Lawns, turf, and golf courses, as well as their positive or negative environmental impacts, are part of a long-held set of assumptions about development--assumptions that don't always factor in the natural history of soil and plants. "For crop and horticulture plants, one would select a favorable climate and soil to provide maximum yield," Beard says. "But for landscaping and ornamentals, soils are turned upside down in building site construction, leaving the nutrient-deficient subsoil on top. Grasses, trees, and shrubs are planted outside their normal environmental adaptation, and expected to grow. And we wonder why we need fertilizer."
Human behavior and culture, and ignorance of the nature of grasses, play a strong role in the lawn culture. Michael Raupp and John Davidson, extension entomologists at the University of Maryland in College Park, wrote in the 1997 pamphlet Landscape IPM: Guidelines for Integrated Pest Management of Insect and Mite Pests on Landscape Trees and Shrubs that lawns can generally withstand some infestation--up to 20 grubs per square foot, for example--without significant damage. But when weed or insect damage is considered ugly or unsightly, homeowners often apply pesticides.

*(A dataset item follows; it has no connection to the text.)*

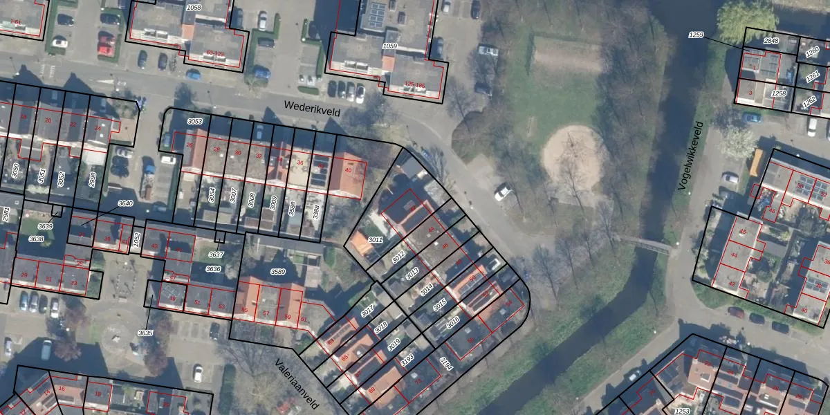 Wederikveld 42 is gelegen op kadastraal perceel WDN01D3011. Deze kadastrale aanduiding is uniek en wordt gebruikt door het Kadaster om eigendomsrechten en andere zakelijke rechten vast te leggen. Het perceel maakt onderdeel uit van de kadastrale gemeente Woerden.

Public perception also favors a dark green grass, though Beard says that dark green grass achieved by fertilization is not the healthiest grass. "A moderately green grass is healthier," he says. When grasses enter their natural dormancy, often in the summer, many homeowners apply water to "green up" their lawns, even though it is considered acceptable for deciduous trees to go dormant in the fall. The custom of raking dead leaves robs urban soils of a potential source of nourishment. Sending lawn clippings to the dump, rather than leaving them to decompose on the lawn, deprives the soil of an additional source of nutrients. This nutrient depletion is an even more serious problem in public areas, such as the National Mall in Washington, DC, where crowds gather in the hundreds of thousands, compacting the soil, killing its flora, and impairing the health of trees and turf.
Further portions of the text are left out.